Воспитанием занимались с раннего возраста, и обучали правилам поведения, не забывая попутно рассказывать об устройстве мира волшебников, о том, чем живет аристократия и каковы преимущества чистокровных; отведенную роль ей объясняли регулярно и весьма доходчиво, что, как и почему. Ирма и Поллукс обожали своих детей, но спрос с Вальбурги и Сигнуса изначально был куда строже, чем с Альфарда. Вальбурга - старшая, Сигнус – наследник, это многое объясняло, давало определенные привилегии, но и требовало взамен немало – исполнение всех обязательств, соответствие статусу семьи…
На традициях держится мир, традиции нарушать Вальбурга не собиралась, не планировала собственноручно разрушать до основания мир, её окружавший, отказываться от того привычного положения вещей, а потому борьба с собственными страстями быстро вошла в привычку, стала неотъемлемой частью: кровь Блэков струилась под кожей, кровь, полная древней силы, требующая сожженных городов и человеческих жертв, мисс Блэк училась вежливо улыбаться, изящно подносить к губам фарфоровые чашки и хрустальные бокалы и приседать в реверансах вне зависимости от степени усталости, истощенности организма и морального состояния обитающих под ребрами мантикор.
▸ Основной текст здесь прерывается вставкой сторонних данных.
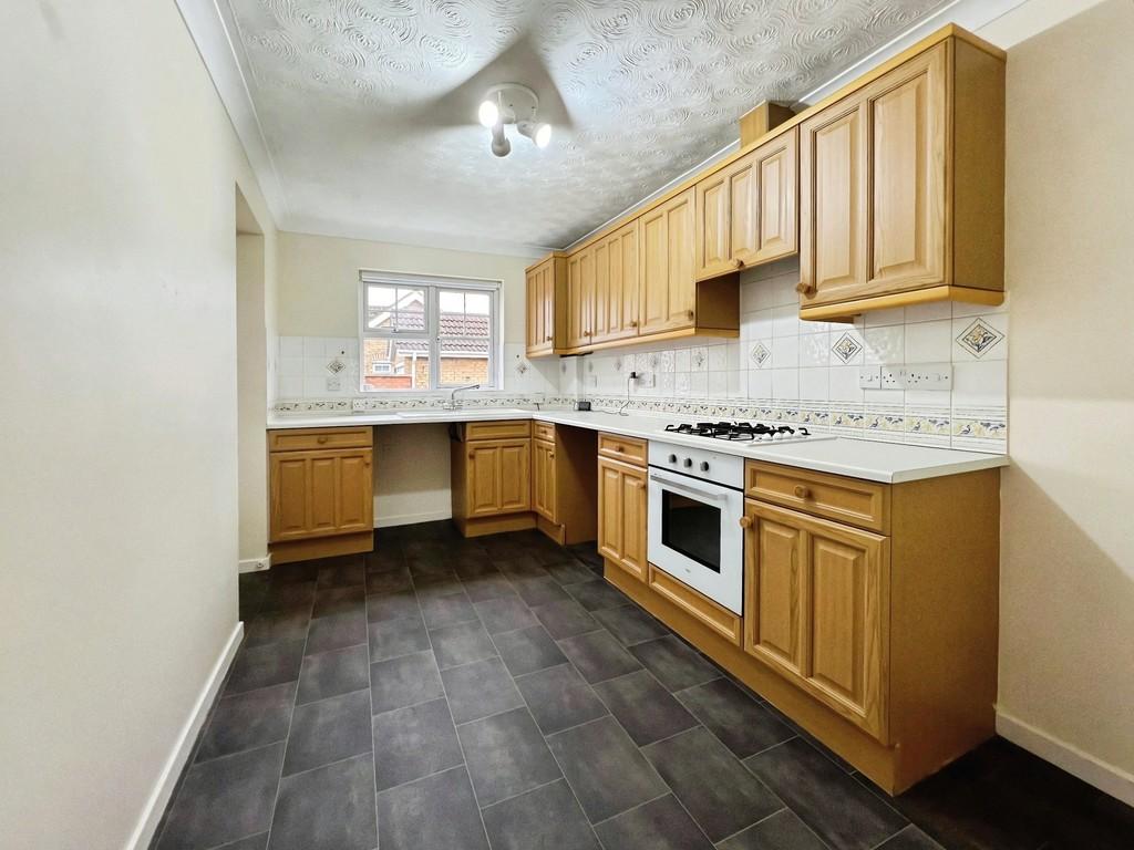 Fitted with wall and base units with integral oven, hob and extractor hood, enclosed gas fired boiler system, plumbing for washing machine, space for fridge/freezer, one and half bowl sink unit with mixer, window to rear, radiator, door to conservatory.

Мисс Блэк училась и была лучшей, по праву рождения, по крови особенно чистой, по способностям и успехам, по умению дать отпор, поставить на место, добиться своего. Мисс Блэк была лучшей и скармливала свои награды и похвалы гордости - внутреннему зверю, радостно виляющему хвостом при каждом успехе, рвущем когтями грудную клетку при каждой неудаче, каждое падение Вальбурга ощущала физически, а поражения признавать не умела, и не желала учиться. Проигрывать, соглашаться с тем, что была неправа и кивать при этом покорно и с уважением  – вот то, в чем успехи сводили к нулю, уходили в минус - гордость не позволяла принимать собственные несовершенства. Вальбурга же стремилась достичь совершенства хотя бы в том, что было ей доступно, раз уж ей досталось женское тело и женская участь, мисс Блэк училась использовать это, и достаточно рано осознала, что такое женская власть.
Вальбурге хватало ума не считать себя самой красивой, понимать, что настоящая красота – теплая и живая, её же – застывшее каменное изваяние, впитавшее в себя всю суть аристократии, холод прошедших веков и еще немного древних сил, её красота – слишком яркая, чтобы подходить под общепринятые каноны, но мисс Блэк старалась и перед остальными у неё всегда было преимущество: она знала, чего хотела, знала, сколько это будет для неё стоить, и никогда не ограничивалась выражением цены исключительно в деньгах.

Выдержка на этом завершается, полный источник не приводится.